▸ Extracted information:
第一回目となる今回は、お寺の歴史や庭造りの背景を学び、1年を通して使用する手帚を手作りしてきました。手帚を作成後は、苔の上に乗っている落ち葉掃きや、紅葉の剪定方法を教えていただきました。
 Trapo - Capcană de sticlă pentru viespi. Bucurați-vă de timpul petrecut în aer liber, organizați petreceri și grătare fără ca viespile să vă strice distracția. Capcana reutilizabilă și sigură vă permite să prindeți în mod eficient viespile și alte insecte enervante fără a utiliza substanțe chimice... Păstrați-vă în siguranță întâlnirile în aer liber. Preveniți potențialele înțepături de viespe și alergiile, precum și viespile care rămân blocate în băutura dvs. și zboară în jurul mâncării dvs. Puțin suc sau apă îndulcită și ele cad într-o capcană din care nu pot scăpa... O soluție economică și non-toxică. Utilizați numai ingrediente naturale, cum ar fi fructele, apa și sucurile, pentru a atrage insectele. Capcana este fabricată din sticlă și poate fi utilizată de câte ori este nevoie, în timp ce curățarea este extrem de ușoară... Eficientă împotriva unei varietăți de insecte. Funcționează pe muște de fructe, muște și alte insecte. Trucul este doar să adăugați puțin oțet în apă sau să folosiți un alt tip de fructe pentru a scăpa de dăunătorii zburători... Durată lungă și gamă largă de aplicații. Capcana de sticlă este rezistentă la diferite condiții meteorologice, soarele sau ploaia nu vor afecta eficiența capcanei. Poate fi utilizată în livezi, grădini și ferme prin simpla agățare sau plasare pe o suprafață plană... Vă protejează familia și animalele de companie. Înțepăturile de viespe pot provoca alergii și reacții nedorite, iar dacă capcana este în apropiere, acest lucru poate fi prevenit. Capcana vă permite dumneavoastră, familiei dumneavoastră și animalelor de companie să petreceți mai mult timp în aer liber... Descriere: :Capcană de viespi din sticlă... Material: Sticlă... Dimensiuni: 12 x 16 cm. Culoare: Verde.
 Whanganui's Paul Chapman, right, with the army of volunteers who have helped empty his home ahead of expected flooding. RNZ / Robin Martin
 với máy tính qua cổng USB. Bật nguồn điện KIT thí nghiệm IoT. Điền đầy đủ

---

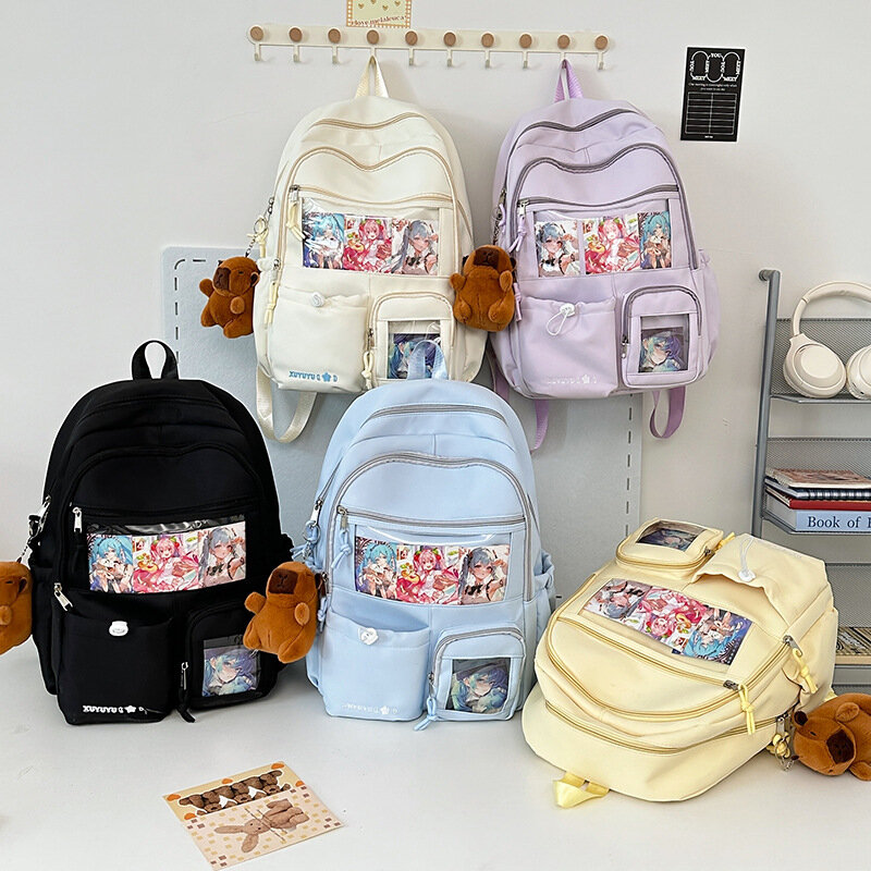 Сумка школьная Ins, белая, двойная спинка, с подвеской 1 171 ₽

* * *

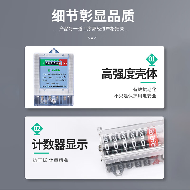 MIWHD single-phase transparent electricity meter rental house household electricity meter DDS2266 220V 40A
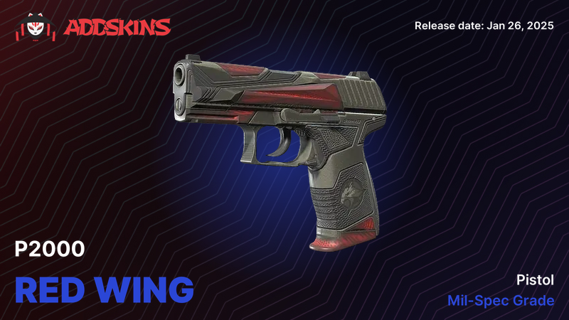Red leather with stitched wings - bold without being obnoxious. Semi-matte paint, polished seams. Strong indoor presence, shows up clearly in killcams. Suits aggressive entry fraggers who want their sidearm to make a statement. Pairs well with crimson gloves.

▸ Task requirements: Pictures aside, return exactly the lines from the data above, starting at the line that has "MIWHD single-phase transparent" and ending at the line that has "Red leather with", both included.

▸ Task output:
 MIWHD single-phase transparent electricity meter rental house household electricity meter DDS2266 220V 40A
Red leather with stitched wings - bold without being obnoxious. Semi-matte paint, polished seams. Strong indoor presence, shows up clearly in killcams. Suits aggressive entry fraggers who want their sidearm to make a statement. Pairs well with crimson gloves.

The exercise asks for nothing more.